No podía soportar estar esperando caerse en la oscuridad, en el silencio gimoteante; sólo quería ir detrás de su zapato por el oscuro pozo hasta morir, y acabar con el juego de una vez por todas.

—¡Iré! ¡Iré! ¡Iré! —exclamó.

Lo juró solemnemente.

Bajo él, la rejilla se movió.

Algo se había roto. La tuerca, cadena o cuerda que sujetara la rejilla se había partido. Ya no estaba en posición horizontal; estaba resbalando por las barras que lo inclinaban del lado de la oscuridad.

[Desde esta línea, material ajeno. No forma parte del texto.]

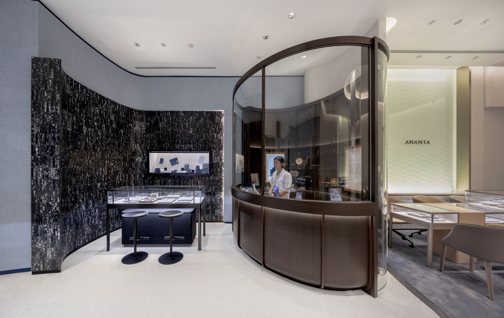 “เราเห็นเอกลักษณ์ของโลโก้ของแบรนด์ ANANTA ที่เป็นสัญลักษณ์อินฟินิตี้ไขว้กัน แสดงถึงความไม่มีที่สิ้นสุด ซึ่งสอดคล้องกับความหมายของคำว่า นิรันดร์ รูปลักษณ์เส้นโค้งของ ANANTA นี้ เลยน่าถูกนำมาใช้ในการวางแปลน สร้างคาแร็กเตอร์ของร้าน และสร้างภาษาที่ไหลต่อเนื่องไปทั่วทั้งร้าน โดยกรีดผนังบางส่วนแล้วดึงออกมาเป็นคอร์เนอร์ตามฟังก์ชันที่ลูกค้าอยากได้” นานา ตรรกวาทการ สถาปนิกผู้ดูแลโครงการ ANANTA เล่า

Advirtió sorprendido que ya no tenía los miembros atados.

Se iba a caer.

El hombre quería que se cayera. El hombre malvado… ¿Cómo se llamaba? ¿Quake? ¿Quail? ¿Quarrel?
[10]

En un gesto automático, asió la rejilla con las dos manos al inclinarse ésta aún más. A fin de cuentas, a lo mejor no quería caer en busca de su zapato. A lo mejor la vida, un breve instante más de vida, merecía la pena…

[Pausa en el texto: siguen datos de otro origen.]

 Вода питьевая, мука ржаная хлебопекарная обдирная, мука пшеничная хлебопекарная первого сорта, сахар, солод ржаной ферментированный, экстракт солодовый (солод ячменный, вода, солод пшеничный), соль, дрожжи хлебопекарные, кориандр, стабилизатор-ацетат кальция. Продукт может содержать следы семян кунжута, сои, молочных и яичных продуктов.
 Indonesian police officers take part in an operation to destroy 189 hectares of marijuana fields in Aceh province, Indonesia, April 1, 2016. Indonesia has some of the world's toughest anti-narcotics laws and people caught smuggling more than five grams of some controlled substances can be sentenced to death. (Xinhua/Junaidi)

La oscuridad al borde de la rejilla era tan profunda… ¿Y quién sabía qué rondaría en ella?

En su cabeza se multiplicaron los ruidos del pánico. El latido de su maldito corazón, el tartamudeo de la mucosa, el chirrido seco del paladar. Las manos, resbaladizas de sudor, estaban perdiendo el control. La gravedad lo atraía. Exigía sus derechos sobre la masa de aquel cuerpo; pedía que se cayera. Por un momento, después de echar una ojeada a la boca que se abría a sus pies, creyó ver monstruos agitarse en el fondo. Cosas ridículas, estrafalarias, dibujos toscos, negro sobre negro. Infames imágenes lo miraron con malicia desde el fondo de su infancia y abrieron sus garras para atraparlo por las piernas.

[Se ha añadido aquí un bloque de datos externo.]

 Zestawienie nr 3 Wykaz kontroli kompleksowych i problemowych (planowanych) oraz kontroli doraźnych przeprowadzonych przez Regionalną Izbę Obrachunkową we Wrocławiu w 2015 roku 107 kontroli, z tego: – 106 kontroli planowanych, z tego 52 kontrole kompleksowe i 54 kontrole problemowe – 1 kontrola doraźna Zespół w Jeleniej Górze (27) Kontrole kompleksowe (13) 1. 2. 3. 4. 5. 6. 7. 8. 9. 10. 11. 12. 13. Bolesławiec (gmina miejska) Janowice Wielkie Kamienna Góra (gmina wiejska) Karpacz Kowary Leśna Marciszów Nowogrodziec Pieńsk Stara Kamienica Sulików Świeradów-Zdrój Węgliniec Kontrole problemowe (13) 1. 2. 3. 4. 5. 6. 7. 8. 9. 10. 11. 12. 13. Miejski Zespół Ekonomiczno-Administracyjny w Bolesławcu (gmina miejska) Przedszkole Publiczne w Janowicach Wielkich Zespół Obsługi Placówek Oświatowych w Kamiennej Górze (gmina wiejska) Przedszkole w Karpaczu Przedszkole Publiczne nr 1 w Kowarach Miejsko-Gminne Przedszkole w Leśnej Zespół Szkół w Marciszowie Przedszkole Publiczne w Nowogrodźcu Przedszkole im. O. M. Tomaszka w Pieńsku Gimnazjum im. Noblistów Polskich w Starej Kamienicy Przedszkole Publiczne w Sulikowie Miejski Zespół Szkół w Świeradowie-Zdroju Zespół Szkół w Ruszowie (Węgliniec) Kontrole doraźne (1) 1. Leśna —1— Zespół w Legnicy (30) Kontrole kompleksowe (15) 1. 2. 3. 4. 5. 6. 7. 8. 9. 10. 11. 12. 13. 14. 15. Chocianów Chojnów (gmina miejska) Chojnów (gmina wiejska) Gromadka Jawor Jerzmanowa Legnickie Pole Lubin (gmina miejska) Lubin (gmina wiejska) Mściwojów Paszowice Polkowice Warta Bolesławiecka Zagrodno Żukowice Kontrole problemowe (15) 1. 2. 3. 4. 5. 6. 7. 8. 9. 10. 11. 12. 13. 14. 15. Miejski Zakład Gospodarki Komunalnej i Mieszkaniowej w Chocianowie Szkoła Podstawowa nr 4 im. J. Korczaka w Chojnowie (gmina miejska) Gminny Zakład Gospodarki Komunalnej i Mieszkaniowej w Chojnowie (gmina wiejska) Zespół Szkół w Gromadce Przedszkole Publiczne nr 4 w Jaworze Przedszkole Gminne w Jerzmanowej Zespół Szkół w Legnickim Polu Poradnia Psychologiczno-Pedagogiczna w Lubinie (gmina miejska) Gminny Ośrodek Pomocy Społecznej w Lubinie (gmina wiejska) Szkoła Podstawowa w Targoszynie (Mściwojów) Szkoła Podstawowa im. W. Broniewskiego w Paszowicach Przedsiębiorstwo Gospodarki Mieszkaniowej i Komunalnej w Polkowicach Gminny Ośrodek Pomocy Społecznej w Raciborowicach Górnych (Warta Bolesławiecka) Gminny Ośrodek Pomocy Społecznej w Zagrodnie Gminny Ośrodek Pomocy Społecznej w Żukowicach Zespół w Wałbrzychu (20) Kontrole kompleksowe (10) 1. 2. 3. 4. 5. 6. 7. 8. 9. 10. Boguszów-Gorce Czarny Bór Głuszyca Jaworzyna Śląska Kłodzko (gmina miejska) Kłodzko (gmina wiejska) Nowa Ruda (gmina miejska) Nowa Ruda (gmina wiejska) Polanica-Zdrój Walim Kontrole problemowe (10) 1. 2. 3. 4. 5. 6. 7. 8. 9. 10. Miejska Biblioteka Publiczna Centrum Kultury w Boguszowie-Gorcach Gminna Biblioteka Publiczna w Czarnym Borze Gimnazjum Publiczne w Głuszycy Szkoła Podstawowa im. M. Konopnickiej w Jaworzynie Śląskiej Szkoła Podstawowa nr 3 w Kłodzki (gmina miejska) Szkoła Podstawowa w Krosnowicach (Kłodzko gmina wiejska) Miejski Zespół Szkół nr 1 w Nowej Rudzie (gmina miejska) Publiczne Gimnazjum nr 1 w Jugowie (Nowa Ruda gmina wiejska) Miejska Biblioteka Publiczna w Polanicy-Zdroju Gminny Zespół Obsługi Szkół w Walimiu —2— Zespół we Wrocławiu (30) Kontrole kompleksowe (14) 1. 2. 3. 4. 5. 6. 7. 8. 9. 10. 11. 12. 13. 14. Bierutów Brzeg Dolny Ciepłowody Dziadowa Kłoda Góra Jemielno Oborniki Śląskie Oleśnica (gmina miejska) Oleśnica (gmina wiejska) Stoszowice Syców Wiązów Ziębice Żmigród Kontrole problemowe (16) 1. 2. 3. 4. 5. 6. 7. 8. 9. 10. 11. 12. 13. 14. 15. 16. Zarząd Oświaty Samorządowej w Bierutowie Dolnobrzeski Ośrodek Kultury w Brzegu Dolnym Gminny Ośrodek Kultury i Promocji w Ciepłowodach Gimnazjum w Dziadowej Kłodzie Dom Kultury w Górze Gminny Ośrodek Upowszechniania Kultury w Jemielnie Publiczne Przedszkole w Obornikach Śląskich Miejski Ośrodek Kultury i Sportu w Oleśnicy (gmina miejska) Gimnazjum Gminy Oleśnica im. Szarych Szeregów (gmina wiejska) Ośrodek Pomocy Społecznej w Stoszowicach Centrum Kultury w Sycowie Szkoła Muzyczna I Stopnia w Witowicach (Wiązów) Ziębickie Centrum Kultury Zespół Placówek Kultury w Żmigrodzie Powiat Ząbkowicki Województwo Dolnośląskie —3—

—¡Mamá! —llamó, cuando sus manos soltaron presa y quedó a merced del terror.

—¡Mamá!

Ésa era la palabra. Quaid la oyó claramente, en toda la extensión de su banalidad.

—¡Mamá!

Para cuando Steve llegó al fondo del pozo era incapaz de juzgar cuánto había caído. En el momento en que sus manos se soltaron de la rejilla y supo que las tinieblas se lo tragarían, el cerebro se le bloqueó. El instinto animal hizo que su cuerpo se relajara, evitándole cualquier herida grave a causa del impacto. El resto de su vida, excepto las reacciones más simples, estaba destrozado, y los añicos se ocultaron en los recodos de su memoria.

Cuando por fin se hizo la luz, levantó la mirada hacia la persona que estaba en la puerta, con una máscara del ratón Mickey, y le sonrió. Fue una sonrisa de niño, de agradecimiento para con su cómico salvador. Dejó que el hombre lo cogiera de los tobillos y lo sacara a rastras de la gran habitación redonda en que estaba tumbado. Tenía los pantalones mojados y sabía que se había ensuciado mientras dormía. Pero por eso mismo el ratón divertido le daría un beso aún más grande.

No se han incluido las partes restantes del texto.